Projection to LinkML

The acquisition boundary is a LAMBDA profile decision, not a built-in RO-Crate term and not a current LinkML class. Today it projects through Sample, ExperimentRun, DataFile, and association tables.

Concrete JSON-LD

Workflow provenance is a first-class part of the crate

Derived products should be linked to the action that made them, the inputs it used, and the software context needed to interpret them.

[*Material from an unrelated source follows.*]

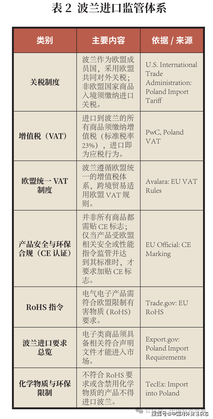 然而,在机遇之外,挑战同样清晰且具体。首先是合规与税务。波兰作为欧盟成员国,进口环节须遵循欧盟统一的关税与增值税(VAT)规则,同时符合产品安全、环保与数据合规要求(表2)。对中国卖家而言,这意味着必须投入额外成本进行合规认证与税务申报。

CreateAction for integration

{
  "@id": "#workflow-xds-integration-001",
  "@type": ["CreateAction", "lambda:WorkflowRun"],
  "name": "XDS integration for Crystal A1",
  "lambda:workflow_code": "XDS-INTEGRATE-001",
  "lambda:workflow_type": "integration",
  "lambda:software_name": "XDS",
  "lambda:software_version": "2024.1",
  "object": [
    { "@id": "#acquisition-crystal-a1" },
    { "@id": "images/scan_0001.cbf" }
  ],
  "instrument": [
    { "@id": "#als-831-detector" },
    { "@id": "#xds-2024.1" }
  ],
  "result": [
    { "@id": "process/xds/INTEGRATE.HKL" },
    { "@id": "process/xds/CORRECT.LP" }
  ],
  "lambda:started_at": "2026-05-21T18:23:12Z",
  "lambda:completed_at": "2026-05-21T18:31:44Z"
}

Software and product entities

{
  "@id": "#xds-2024.1",
  "@type": "SoftwareApplication",
  "name": "XDS",
  "softwareVersion": "2024.1"
},
{
  "@id": "process/xds/INTEGRATE.HKL",
  "@type": "File",
  "encodingFormat": "chemical/x-hkl",
  "contentSize": "3224981",
  "sha256": "ee31...9a7c",
  "isBasedOn": { "@id": "#acquisition-crystal-a1" }
}

Profile strategy

Small core, targeted extensions

Profiles should express validation commitments. They should not mirror every technique, beamline, or directory convention by default.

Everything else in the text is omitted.